On Wednesday, Iran said the power plant is ready to resume operations after refueling. The plant reached its full 1,000-megawatt capacity in September and is undergoing final technical assessments before Iranian engineers take over full responsibility from a Russian team in early 2013.

The West suspects Iran of trying to develop nuclear arms. Iran denies the accusations, and its first plant near the Gulf city of Bushehr is a symbol of what it says are its purely peaceful nuclear ambitions.

The UN nuclear agency said in a confidential Nov. 16 report that fuel assemblies — bundles of fuel rods loaded into the reactor — had been transferred from the reactor core to a spent-fuel pond in October, but it gave no reason.

It was the second time in less than two years that fuel has been unloaded from the reactor, which Russian state nuclear corporation Rosatom said in late August had been powered up to full capacity.

Rosatom subsidiary NIAEP, which runs the project, said in October that Bushehr would be formally "handed over for use" to Iran in March 2013. Officials had expected this to happen by the end of 2012.

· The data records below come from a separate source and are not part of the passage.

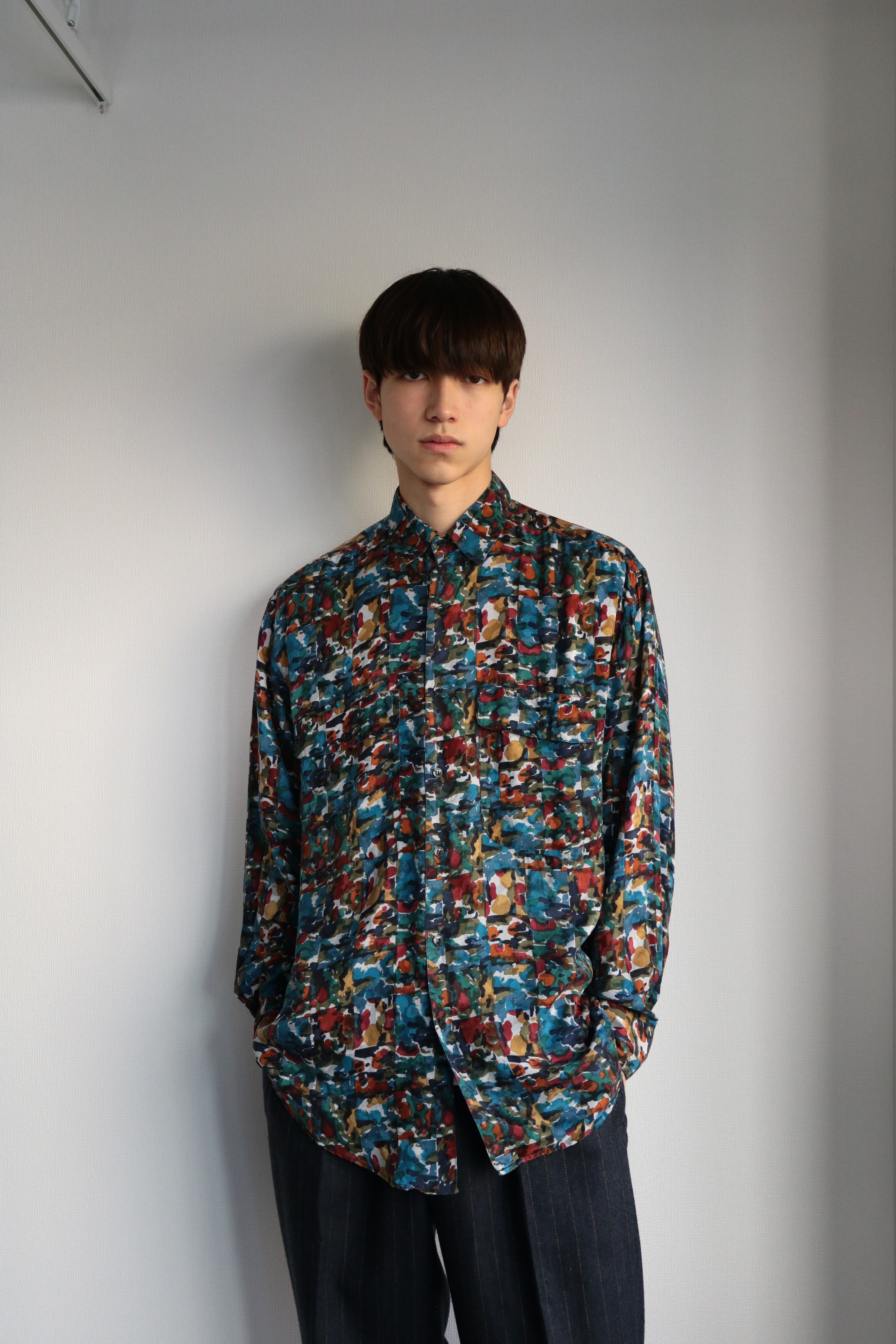 たくさんの色が混ざった柄が全体に広がるシルクシャツ。
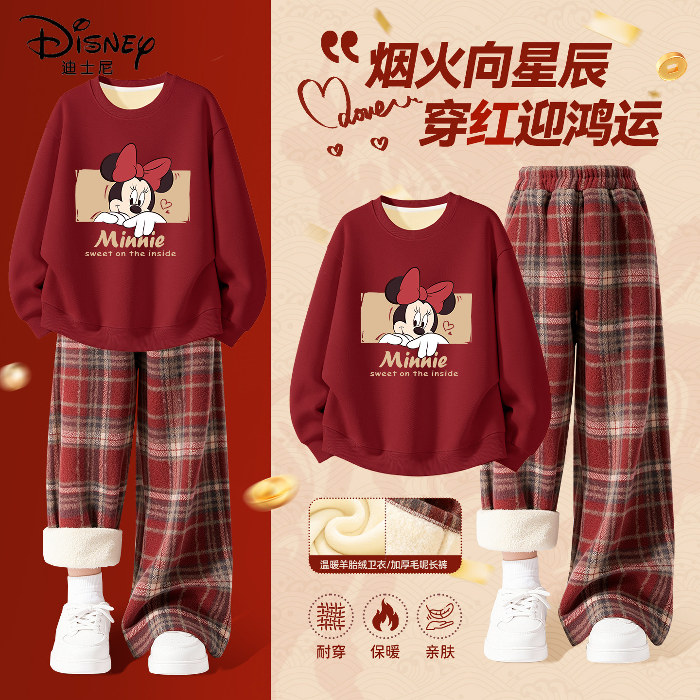 📚 迪士尼女童加绒套装2025新款大童冬季加厚新年衣服儿童冬装休闲装
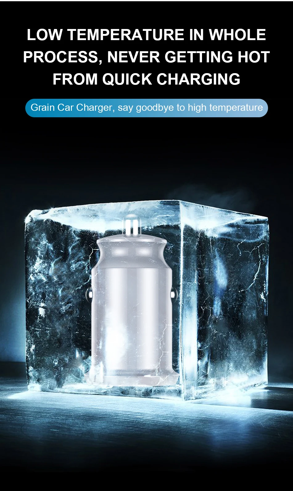 • Умная система снижения температуры рассеивает тепло внутренних компонентов автомобильного зарядного устройства,

In a written reply to questions, NIAEP said "unscheduled additional tests and checks as well as repair work on equipment and systems" had been done at the plant. NIAEP said that the reactor would be at full capacity again in late December and that the additional work was behind the delayed transfer of responsibility to Iranian operators.

It has said that dozens of Russian specialists will remain at the plant after the handover, which will be a milestone for the project, which was started by Germany's Siemens before the 1979 Islamic Revolution that toppled the U.S.-backed shah.

U.S. concerns that the Bushehr project could help Tehran develop a nuclear weapon were eased by a requirement that Iran return spent fuel to Russia.

Weapons-grade plutonium can be extracted from spent fuel.

Bushehr is not considered a major proliferation risk by Western states, whose fears are focused on sites where Iran has defied global pressure and Russia-approved UN sanctions by enriching uranium beyond levels needed to fuel power plants.

But Western officials have voiced concern about unloading fuel, saying it raised questions about safety and potentially about proliferation if the fuel were misused. They have also criticized Iran for the secrecy surrounding the operation.

Asked on Thursday about fuel removal from the plant, Iran's ambassador to the International Atomic Energy Agency said the country was determined to make sure safety was guaranteed after the plant is turned over to Iranian operators.

"We are going to make sure that every item, every part of it is safe before we receive (it) because it will be our obligation afterward," Ambassador Ali Asghar Soltanieh told reporters at the UN nuclear agency in Vienna.